▶ _Work order_
Once the line with "UNISEX GARMENT DYED" is reached, output it and every line after it, exactly, through the end of the records below. Pictures are skipped.

▶ _Given records_
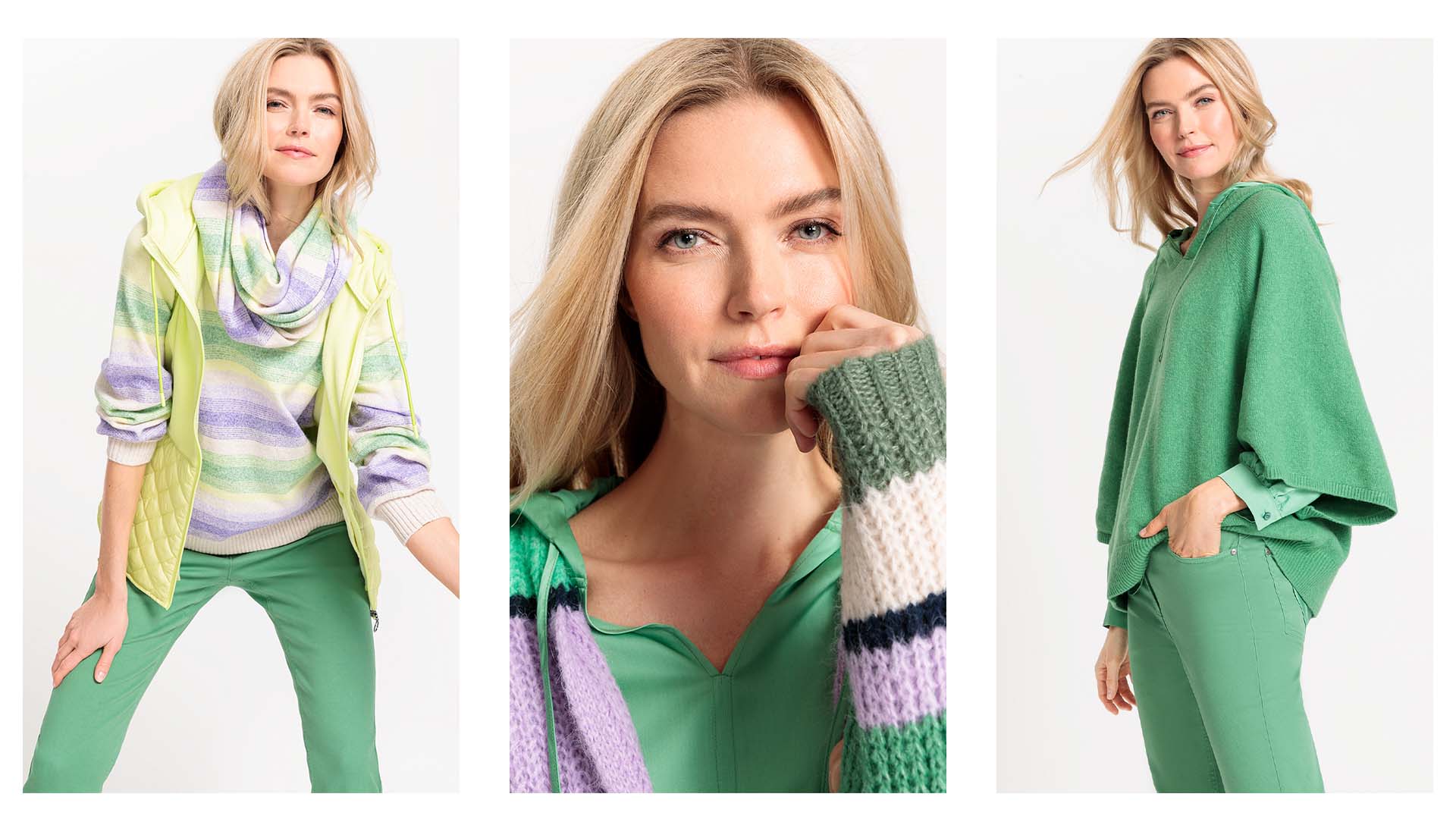 La collection colorée PURE SPIRIT ouvre la saison automne/hiver de cette année, exsudant de joyeuses vibrations de bien-être avec des jaunes ensoleillés et des verts naturels. Les fils tricotés duveteux et les nouveaux styles de jersey renforcent l’attente de l’automne. Les matériaux durables tels que REPREVE® constituent également un élément de mode respectueux de l’environnement.
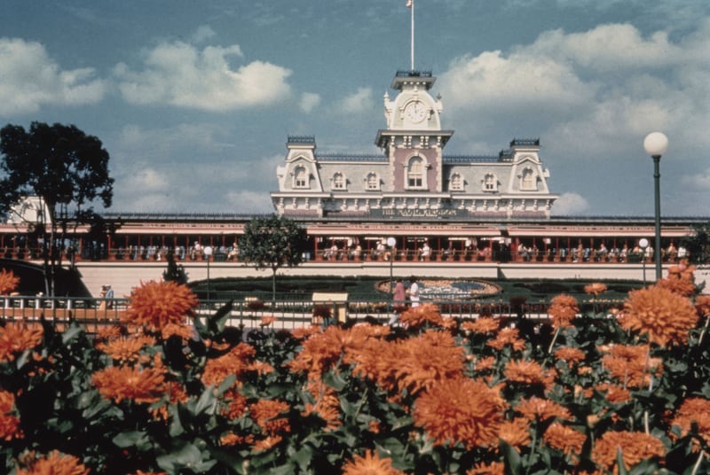 View of the Main Street Railroad Station in the Magic Kingdom in Disney World in the 70s
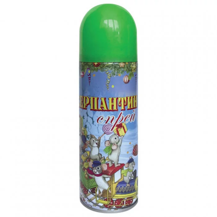 "Синтетический серпантин зеленый в спрее для новогоднего декорирования.
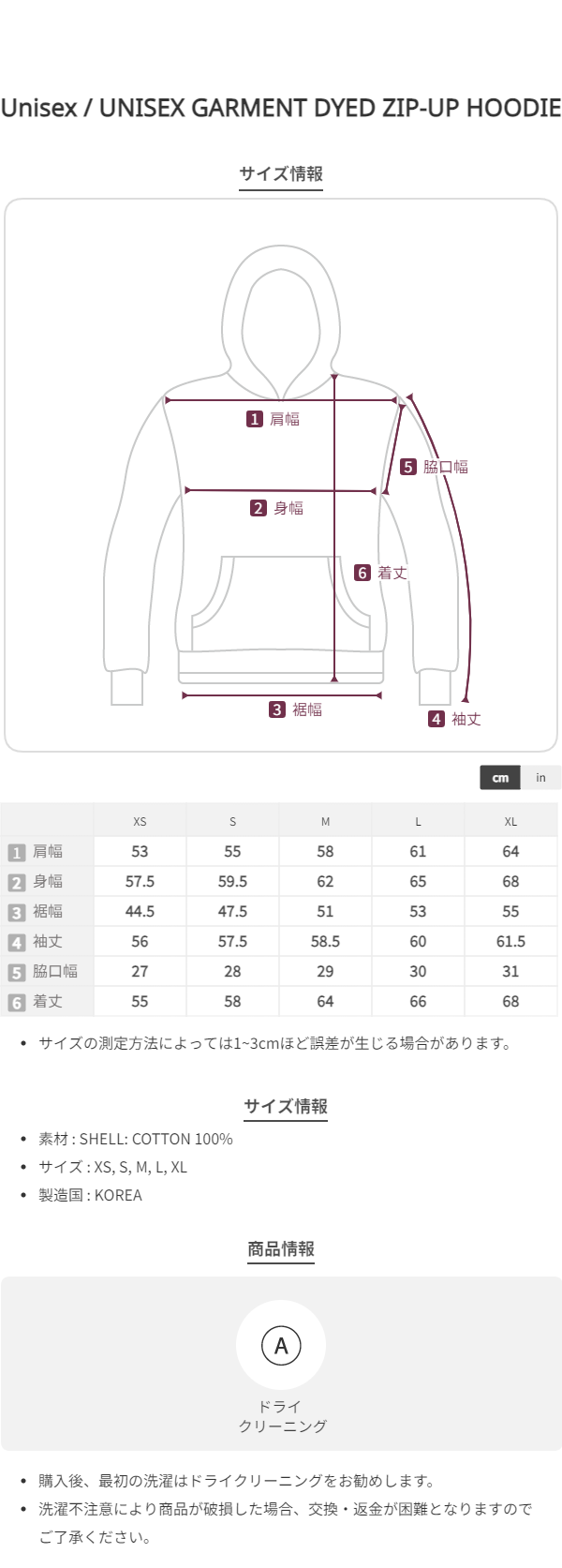 UNISEX GARMENT DYED ZIP-UP HOODIE NAVY_M_UDTS6A114N2
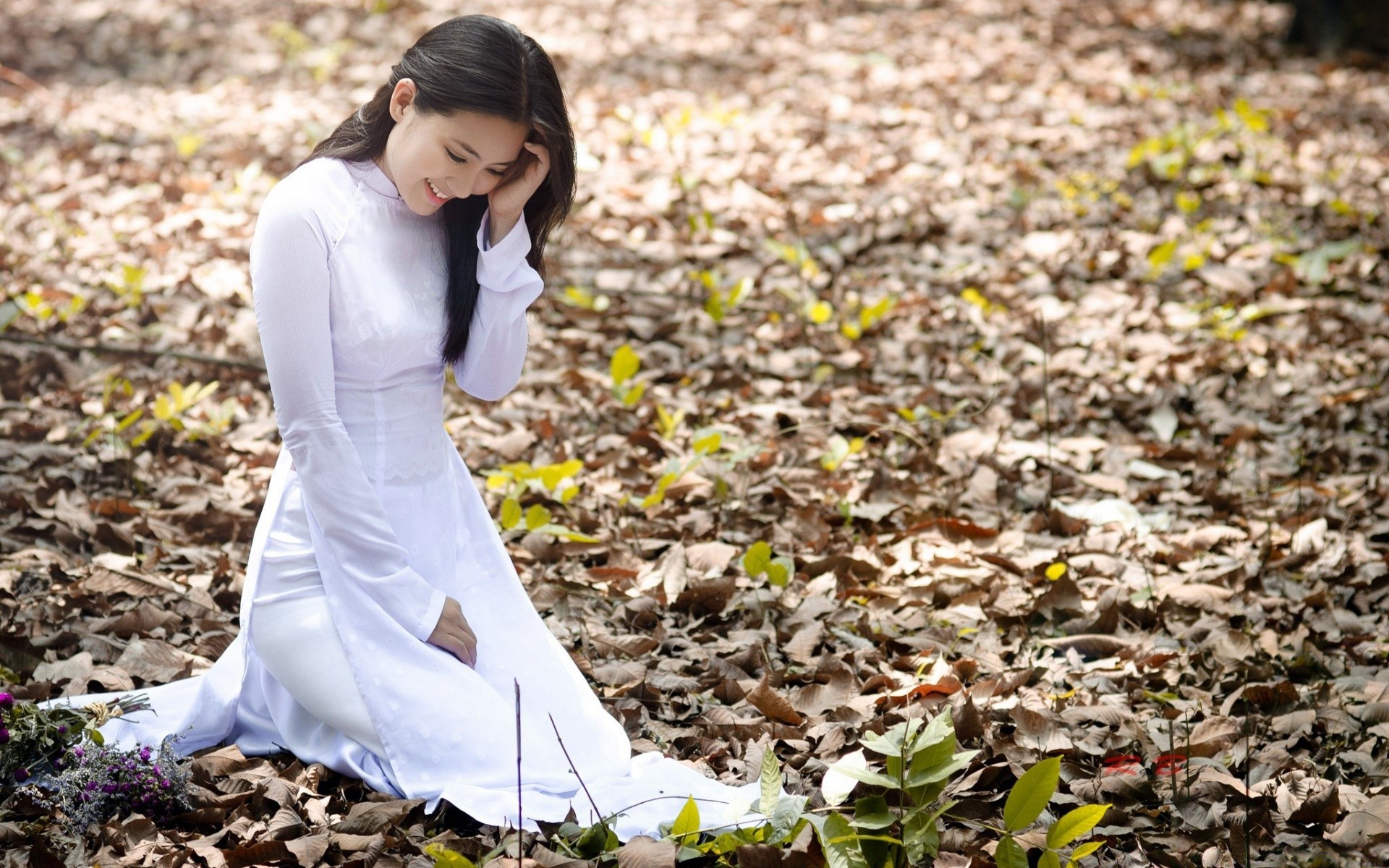 A girl in white is sitting on autumn leaves

▶ _Written solution_
 UNISEX GARMENT DYED ZIP-UP HOODIE NAVY_M_UDTS6A114N2
 A girl in white is sitting on autumn leaves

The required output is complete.